Pointer event handling

On a click or tap (pointer press + release) we want to shift the color hue and on drag we'll rotate the object using a bunch of vector and matrix operations. Platform::Sdl2Application supports both mouse and touch input, to make the code touch-aware we allow Pointer::Finger to be used in addition to Pointer::MouseLeft. We won't handle any multi-touch gestures and thus ignore all but the PointerEvent::isPrimary() events.

To save resources, the application doesn't redraw constantly by default, which means we have to trigger a redraw() in order to see any effect from the events. In case you'd want to draw constantly — for example in order to perform an animation — you can call redraw() directly in the drawEvent().

void PrimitivesExample::pointerReleaseEvent(PointerEvent& event) {
    if(!event.isPrimary() ||
       !(event.pointer() & (Pointer::MouseLeft|Pointer::Finger)))
        return;

    _color = Color3::fromHsv({_color.hue() + 50.0_degf, 1.0f, 1.0f});

    event.setAccepted();
    redraw();
}

void PrimitivesExample::pointerMoveEvent(PointerMoveEvent& event) {
    if(!event.isPrimary() ||
       !(event.pointers() & (Pointer::MouseLeft|Pointer::Finger)))
        return;

    Vector2 delta = 3.0f*Vector2{event.relativePosition()}/Vector2{windowSize()};

    _transformation =
        Matrix4::rotationX(Rad{delta.y()})*
        _transformation*
        Matrix4::rotationY(Rad{delta.x()});

    event.setAccepted();
    redraw();
}

The main function is just the macro call, as previously.

MAGNUM_APPLICATION_MAIN(PrimitivesExample)

Compilation

Compilation is pretty straigtforward, similar to the Triangle example. Again omitting the basic setup described in the Getting Started Guide, we now use also the MeshTools, Primitives and Trade libraries:

find_package(Corrade REQUIRED Main)
find_package(Magnum REQUIRED
    GL
    MeshTools
    Primitives
    Shaders
    Trade
    Sdl2Application)

set_directory_properties(PROPERTIES CORRADE_USE_PEDANTIC_FLAGS ON)

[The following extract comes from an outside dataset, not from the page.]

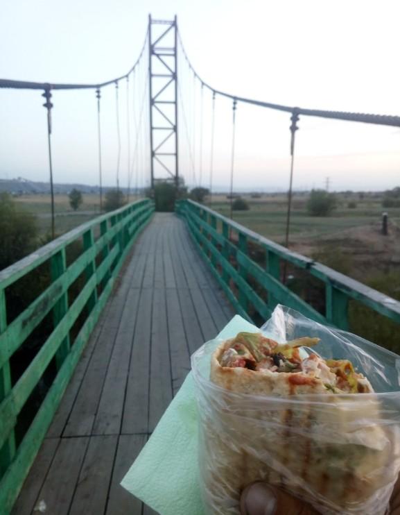Попрощавшись с дальнобоем и парнем, я отправился искать место для ночлега, по пути перекусив местным дёнером, который тут готовится несколько иначе, чем у нас (но достаточно вкусно!). Нашел островок прямо в центре города, где и установил палатку. Очень быстро установил, так как мошка у Селенги и вдоль водоемов в самом городе просто зверская!..
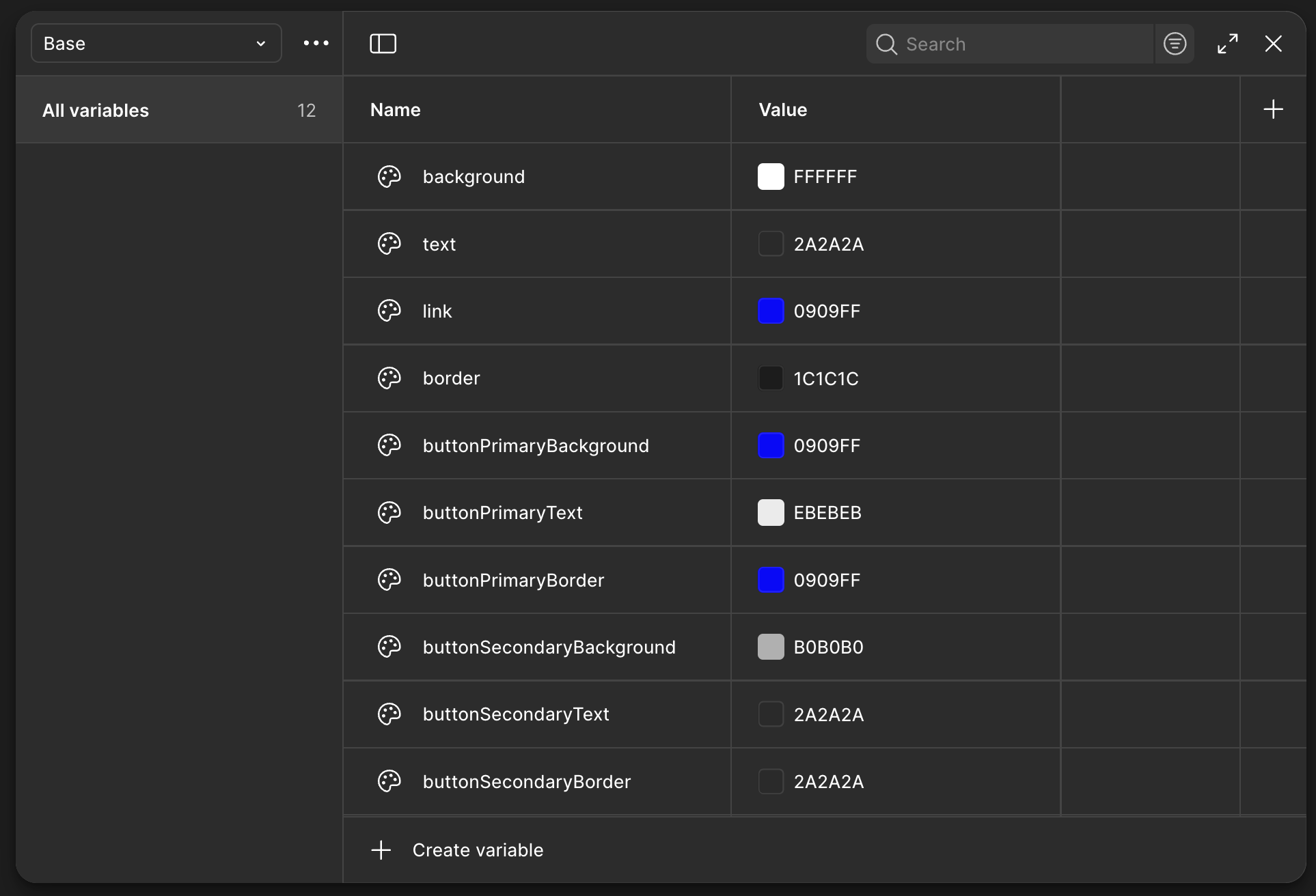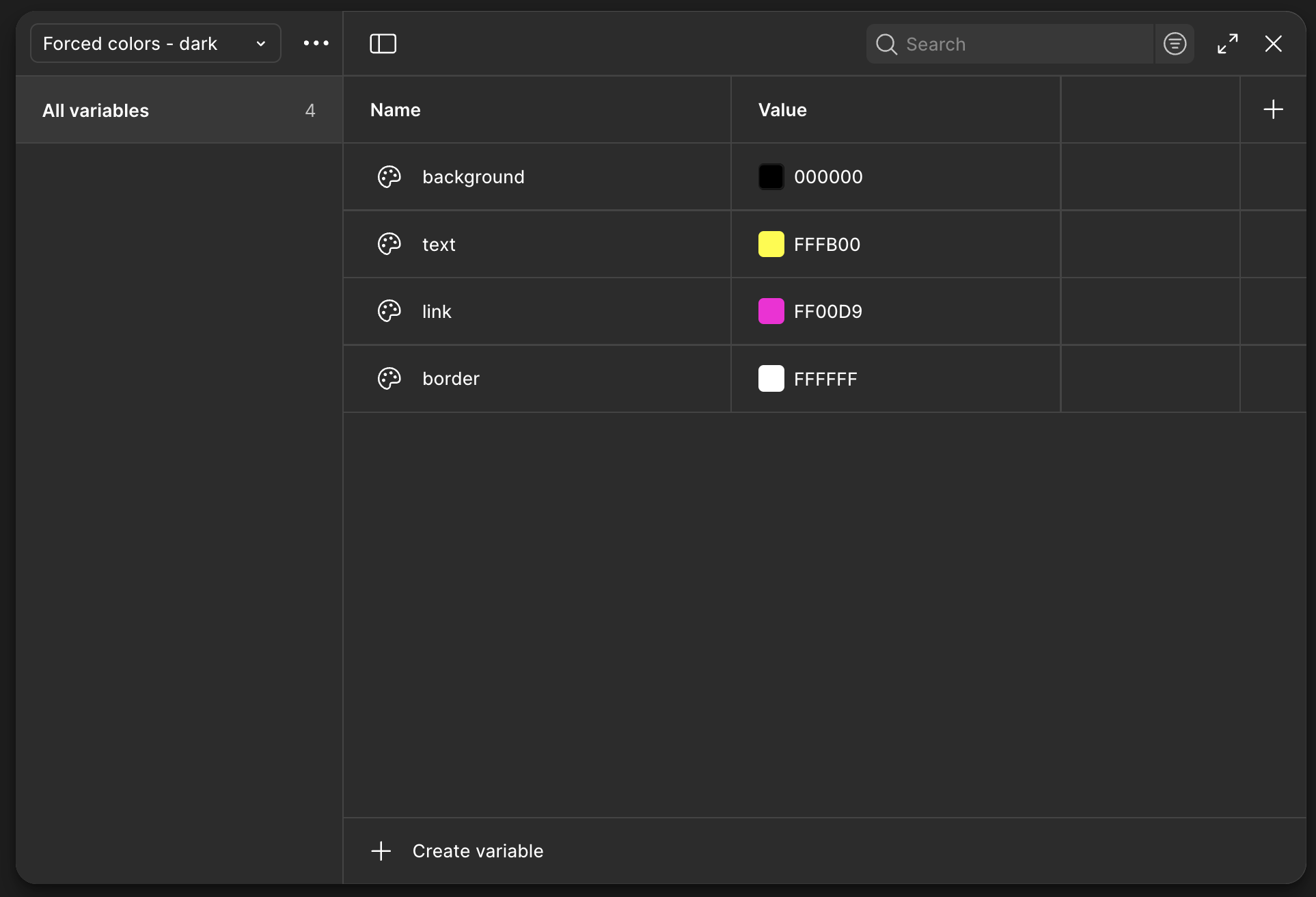 Add Figma variables for each CSS system color. Use variable collections or variable modes to organize them.

add_executable(magnum-primitives WIN32 PrimitivesExample.cpp)
target_link_libraries(magnum-primitives PRIVATE
    Corrade::Main
    Magnum::Application
    Magnum::GL
    Magnum::Magnum
    Magnum::MeshTools
    Magnum::Primitives
    Magnum::Shaders
    Magnum::Trade)

You can now try using different primitives from the Primitives namespace or render the mesh with a different shader from Shaders namespace. The full file content is linked below. Full source code is also available in the magnum-examples GitHub repository.

• CMakeLists.txt
• PrimitivesExample.cpp

The ports branch contains additional patches for iOS, Android and Emscripten support that aren't present in master in order to keep the example code as simple as possible.